* _TASK STATEMENT_
Word for word, restate each of the entries below, and drop every picture.

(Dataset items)
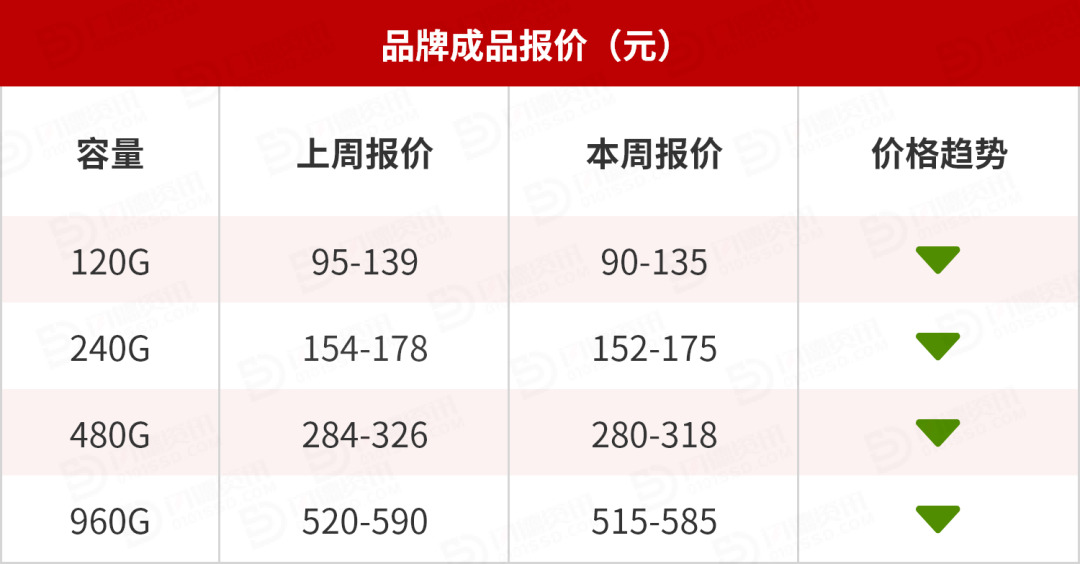 本周品牌大致报价,所有容量呈现下跌态势,跌幅区间在1-5%。
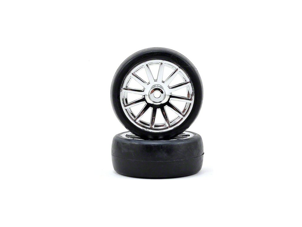 Kompletní univerzální kola pro RC auta LATrax Rally 1:18. Dvanácti-paprskový chromovaný disk s nalepenými pneumatikami slick.
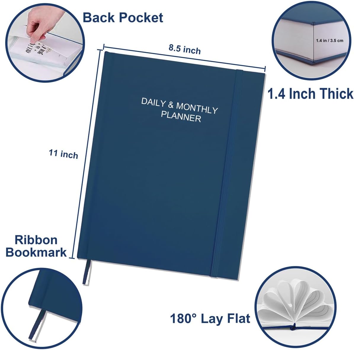 - Features - 8.5'' × 11'' Planning Pages | Fabric Cover | Personal Information | Yearly Overview | Important Dates and Anniversaries| Holidays |Two Pages Each Day | Contacts | Hourly Schedule Pages | Two Bookmarks | Back Pocket | Elastic Strap Closure |.
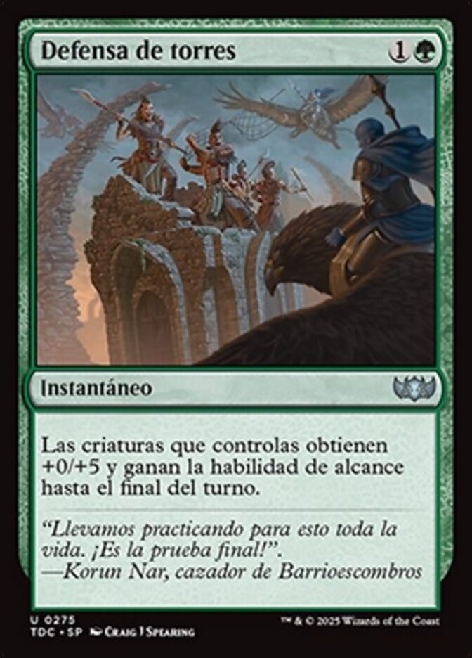 | Rules | Creatures you control get +0/+5 and gain reach until end of turn. |
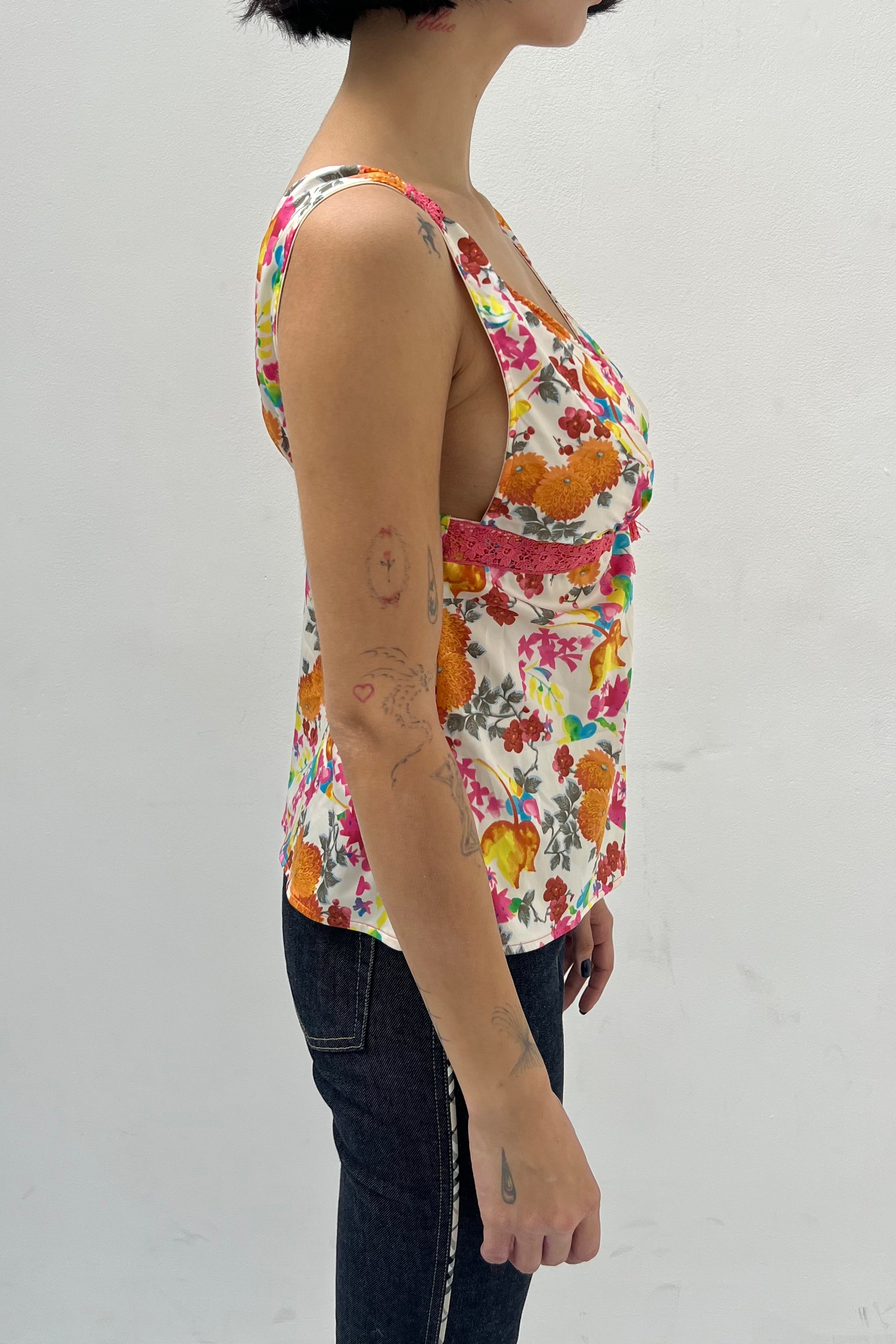 Vintage silk Christian Dior multicolor floral top from the John Galliano era. Features pink lace detail in the front and on the shoulders.

* _RESPONSE BOX_
 本周品牌大致报价,所有容量呈现下跌态势,跌幅区间在1-5%。
 Kompletní univerzální kola pro RC auta LATrax Rally 1:18. Dvanácti-paprskový chromovaný disk s nalepenými pneumatikami slick.
 - Features - 8.5'' × 11'' Planning Pages | Fabric Cover | Personal Information | Yearly Overview | Important Dates and Anniversaries| Holidays |Two Pages Each Day | Contacts | Hourly Schedule Pages | Two Bookmarks | Back Pocket | Elastic Strap Closure |.
 | Rules | Creatures you control get +0/+5 and gain reach until end of turn. |
 Vintage silk Christian Dior multicolor floral top from the John Galliano era. Features pink lace detail in the front and on the shoulders.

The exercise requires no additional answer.